Start of Block

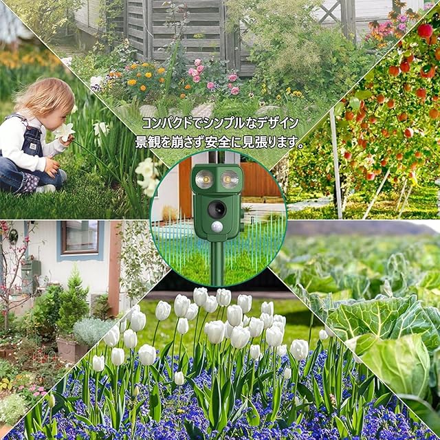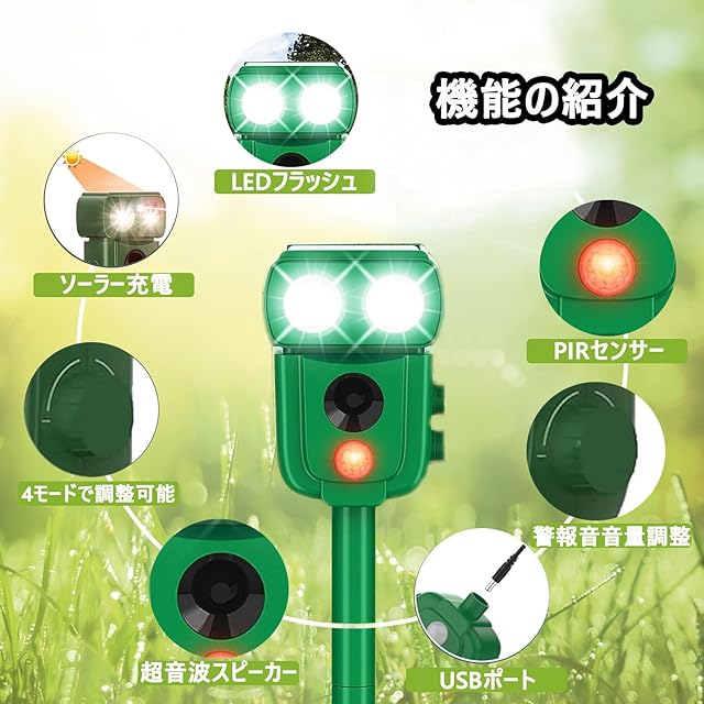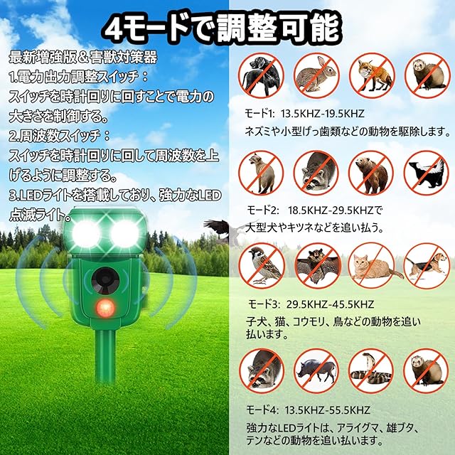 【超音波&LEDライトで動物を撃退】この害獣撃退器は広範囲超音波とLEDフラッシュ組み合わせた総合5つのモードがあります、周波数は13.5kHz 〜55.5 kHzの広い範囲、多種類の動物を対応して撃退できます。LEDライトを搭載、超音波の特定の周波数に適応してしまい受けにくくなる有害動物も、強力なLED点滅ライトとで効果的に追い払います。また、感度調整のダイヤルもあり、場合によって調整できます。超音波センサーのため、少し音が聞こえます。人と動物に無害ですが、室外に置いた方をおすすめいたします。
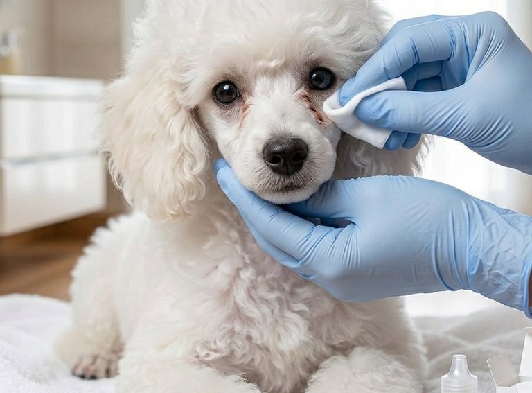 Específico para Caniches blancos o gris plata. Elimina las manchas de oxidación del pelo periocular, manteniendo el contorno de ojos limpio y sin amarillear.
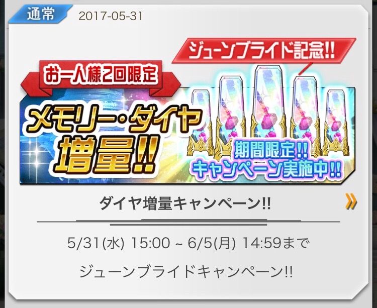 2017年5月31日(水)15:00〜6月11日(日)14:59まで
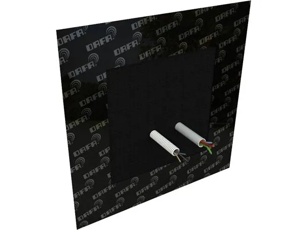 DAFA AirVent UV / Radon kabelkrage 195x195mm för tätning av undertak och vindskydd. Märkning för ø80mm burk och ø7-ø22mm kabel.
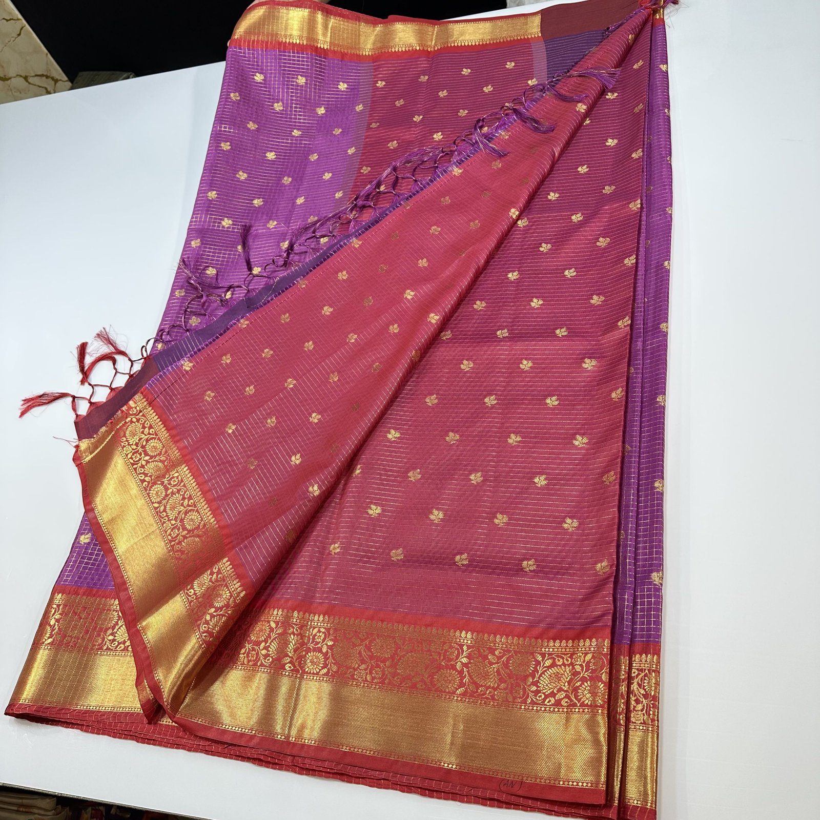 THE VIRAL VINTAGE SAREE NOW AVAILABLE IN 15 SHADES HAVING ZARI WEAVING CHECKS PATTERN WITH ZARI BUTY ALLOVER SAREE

End of Block
Start of Block

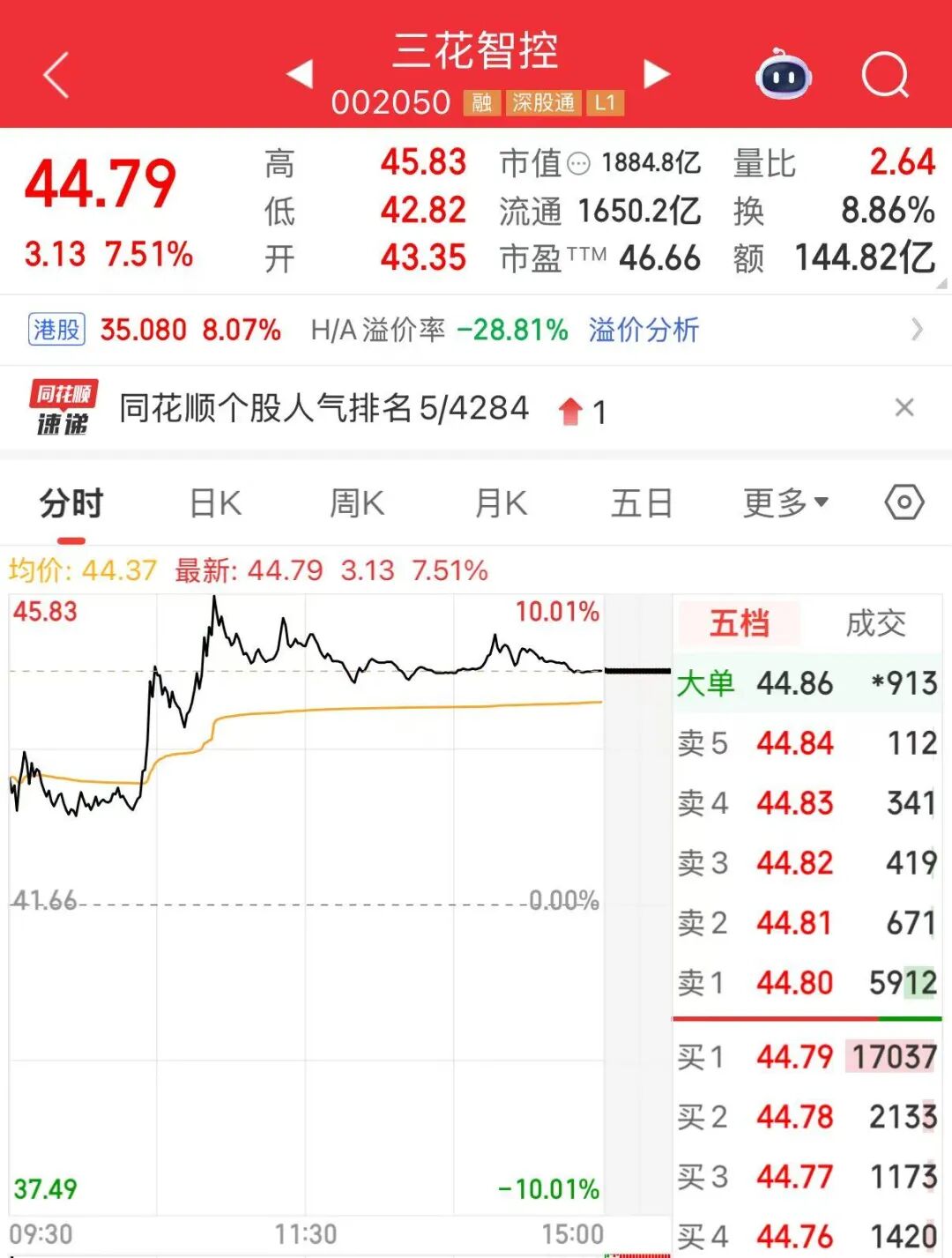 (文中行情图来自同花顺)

End of Block

(What is being asked):
Each line above starting at the one holding "DAFA AirVent UV" and ending at the one holding "THE VIRAL VINTAGE" should be set down exactly as it stands, both ends included, with no pictures.

(Solution for this problem):
 DAFA AirVent UV / Radon kabelkrage 195x195mm för tätning av undertak och vindskydd. Märkning för ø80mm burk och ø7-ø22mm kabel.
 THE VIRAL VINTAGE SAREE NOW AVAILABLE IN 15 SHADES HAVING ZARI WEAVING CHECKS PATTERN WITH ZARI BUTY ALLOVER SAREE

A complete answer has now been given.